By way of example, and not as a limitation, the plurality of applications executed by the electronic device 204 can include a messenger application 302, a graphical user interface (GUI) of which is schematically depicted in FIG. 3, in accordance with certain non-limiting embodiments of the present technology. Non-limiting examples of the messenger application 302 can include a WhatsApp™ messenger application, a Telegram™ messenger application, and Viber™ messenger application. In another example, the plurality of applications of the electronic device 204 can include a navigation application 402, a GUI of which is schematically depicted in FIG. 4, in accordance with certain non-limiting embodiments of the present technology. Various examples of the navigation application 402 can include a Yandex™ Navigator™ navigation application, a Google™ Maps™ navigation application, or a Waze™ navigation application.

Other applications (not depicted) of the plurality of applications executed by the electronic device 204 can include, without limitation, a banking application (such as a Citibank™ banking application); subscription-based applications, such as an application of a video hosting platform (such as a YouTube™ video hosting platform) or an application of an audio hosting platform (such as a Yandex™ Music™ audio hosting platform); applications associated with online listing platforms (such as Yandex™ Market™ online listing platform); and others.

With continued reference to FIGS. 3 and 4, according to certain non-limiting embodiments of the present technology, a respective GUI of a given application of the plurality of application, such as one of the messenger application 302 and the navigation application 402, may require textual inputs from the user 210; and as such, these applications can be configured to provide the user 210 with a user-activatable text field for inputting text to the given application. Generally, implementation of such user-activatable text field depends on a particular implementation of the given application. For example, the messenger application 302 can be configured to provide a message bar 305 for inputting text thereto, which is generally representative of a message to a respective addressee. In the other example, the navigation application 402 can be configured to provide a search bar 405 inputting text thereto, which is generally representative of a desired destination. Other implementations of the user-activatable text field can include, without limitation, a user login/password bars in the given application, a word search bar in a dictionary application, a web address bar in a browser application.

Further, for providing the user 210 with a capability of inputting the text to the user-activatable text field, according to certain non-limiting embodiments of the present technology, in response to the user 210 actuating (such as clicking or tapping) the user-activatable text field in the given application, the electronic device 204 can be configured to provide a virtual keyboard 310. For example, the electronic device 204 can be configured to cause the virtual keyboard 310 to pop-up in response to the user 210 actuating the user-activatable text field.

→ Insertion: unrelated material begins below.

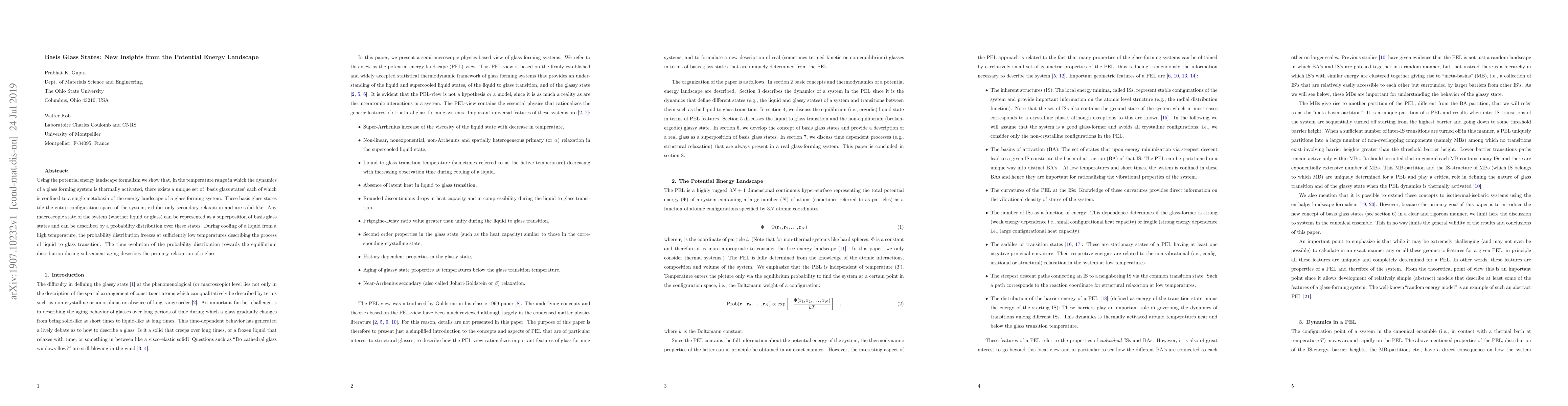 This paper introduces "basis glass states" within the potential energy landscape, revealing that these states form a unique set confined to individual metabasins, representing solid-like secondary relaxation. Macroscopic states of glass-forming systems can be described by a superposition of these basis states, with the probability distribution freezing during the liquid to glass transition.
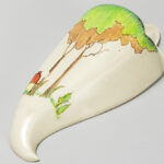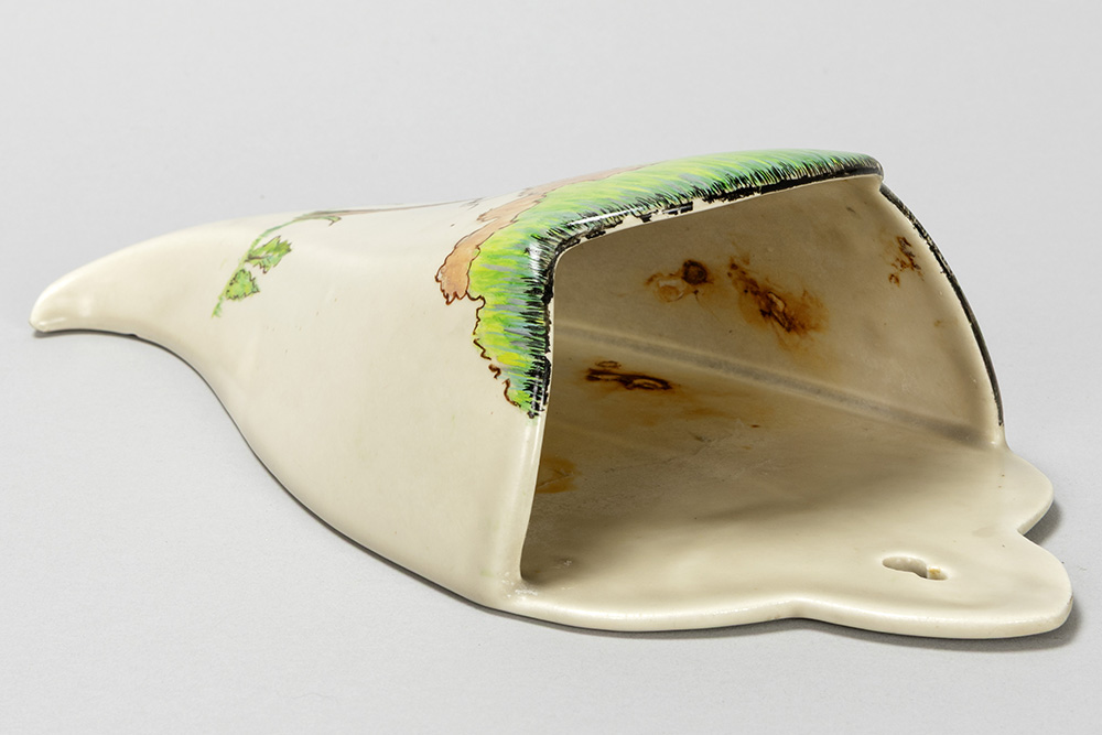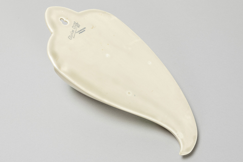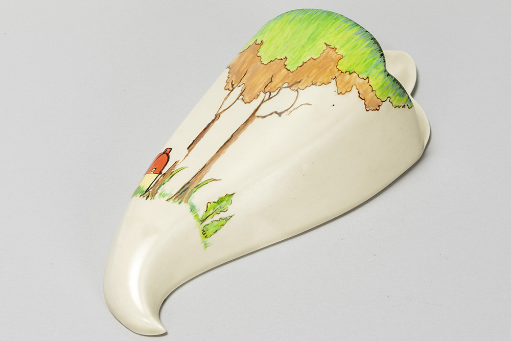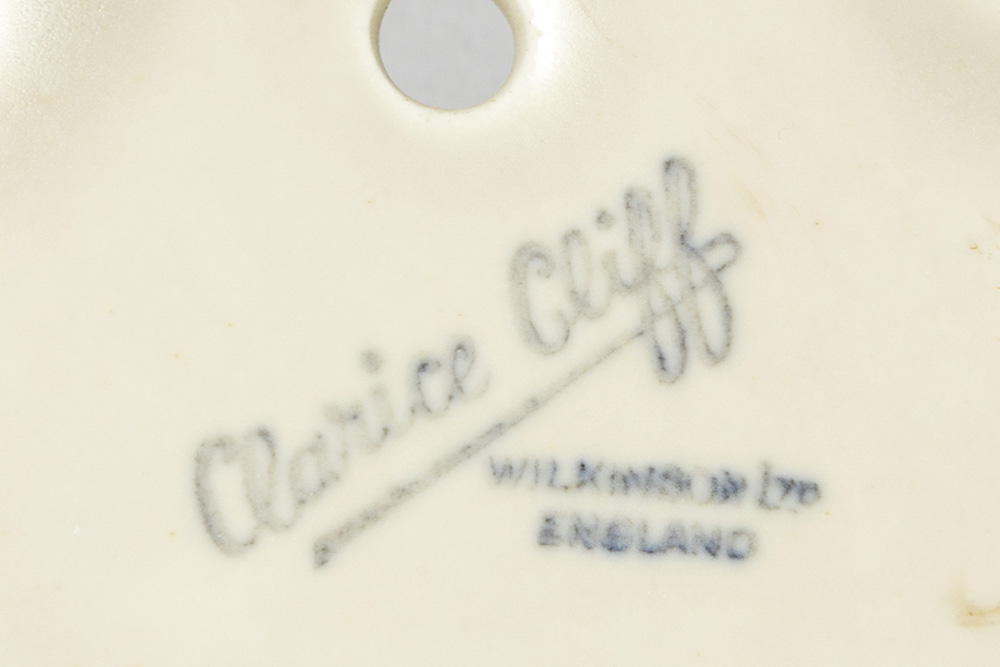 Clarice Cliff signed Art Deco wall vase in ceramic with a polychrome decor with a house in a landscape

Generally speaking, the virtual keyboard 310 is a GUI element including a plurality of actuators that mimic keys of a physical keyboard. The plurality of actuators can be displayed on a screen of the electronic device and, depending on an implementation of the screen, such as a sensor/non-sensor screen, the plurality of keys can be actuated by the user 210 either one or both by tapping or clicking (such as by a mouse or stylus) on the plurality of keys. Although, in the illustrated embodiments, the virtual keyboard 310 has a QWERTY layout, other keyboard layouts, such as AZERTY, QWERTZ, or QZERTY, and alphabets, such as different national variations of Latin- and Cyrillic-based alphabets, for the virtual keyboard 310 are also envisioned.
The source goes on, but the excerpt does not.